Saddle Points: A Problem?

  • When would saddle points be a problem?
    • Suppose you have two hidden units with identical incoming and outgoing weights.
    • After a gradient descent update, they will still have identical weights. By induction, they’ll always remain identical.
    • But if you perturbed them slightly, they can start to move apart.
    • Important special case: never initialize all your weights to zero!
      • Instead, break the symmetry by using small random values.

Plateaux

  • An important example of a plateau is a saturated unit. This is when it is in the flat region of its activation function.
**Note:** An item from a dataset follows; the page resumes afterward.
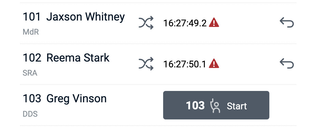 Additionally, next to times that have not been synched with the RaceClocker server due to loss of connectivity a red warning triangle will appear instead of a blue check mark. As soon as connectivity is restored all red triangles will get replaced with blue check marks, indicating that all time stamps have been received on the server and visible in the Timer Dashboard.

Recall the backprop equation for the weight derivative:
$$\begin{equation} \begin{aligned} z_i' &= h'\phi'(z) \\ w_{ij}' &= z_i'x_j \end{aligned} \end{equation}$$
  • If $\phi'(z_i)$ is always close to zero, then the weights will get stuck.
  • If there is a ReLU unit whose input $z_i$ is always negative, the weight derivatives will be exactly $0$. We call this a dead unit.

Momentum

  • Unfortunately, even with these normalization tricks, ill-conditioned curvature is a fact of life. We need algorithms that are able to deal with it.
  • Momentum:
  • Nesterov Accelerated Gradient:

Why Momentum

  • In the high curvature directions, the gradients cancel each other out, so momentum dampens the oscillations.
  • In the low curvature directions, the gradients point in the same direction, allowing the parameters to pick up speed.
  • If the gradient is constant (i.e. the cost surface is a plane), the parameters will reach a terminal velocity of
  • $$ -\frac{\alpha}{1-\gamma}\cdot \frac{\partial \mathcal{L}}{\partial \mathbf{\theta}} $$
  • This suggests if you increase $\gamma$, you should lower $\alpha$ to compensate.
  • Momentum sometimes helps a lot, and almost never hurts.

Adam

  • Adapt learning rate by using moments of gradients
  • First and Second Order Moments:
  • $$ \begin{eqnarray} \mathbf{m}_t &=& \beta_1 \mathbf{m}_{t-1} + (1-\beta_1)\mathbf{g}_t \\ \mathbf{v}_t &=& \beta_1 \mathbf{v}_{t-1} + (1-\beta_1)\mathbf{g}^2_t \end{eqnarray} $$
  • Bias Correction:
  • $$ \begin{eqnarray} \mathbf{\hat{m}}_t = \frac{\mathbf{m}_t}{1-\beta_1} \nonumber \\ \mathbf{\hat{v}}_t = \frac{\mathbf{v}_t}{1-\beta_1} \nonumber \end{eqnarray} $$
  • Adam Update:
  • $$ \begin{equation} \mathbf{\theta}_t = \mathbf{\theta}_{t-1} - \frac{\alpha}{\sqrt{\mathbf{\hat{v}}_t+\epsilon}}\mathbf{\hat{m}}_t \end{equation} $$

$L_2$ Regularization vs Weight Decay

  • $L_2$ regularization and weight decay are equivalent for SGD and SGD+Momentum.
  • But they are not the same for adaptive methods (AdaGrad, RMSprop, Adam etc.)
  • AdamW decouples weight decay.
    • It should be your default optimizer

In Practice...

  • Adam/AdamW is a good default choice.
  • In many cases SGD+Momentum can outperform Adam but may require more tuning.
  • If you can afford to do full batch updates, then try out L-BFGS.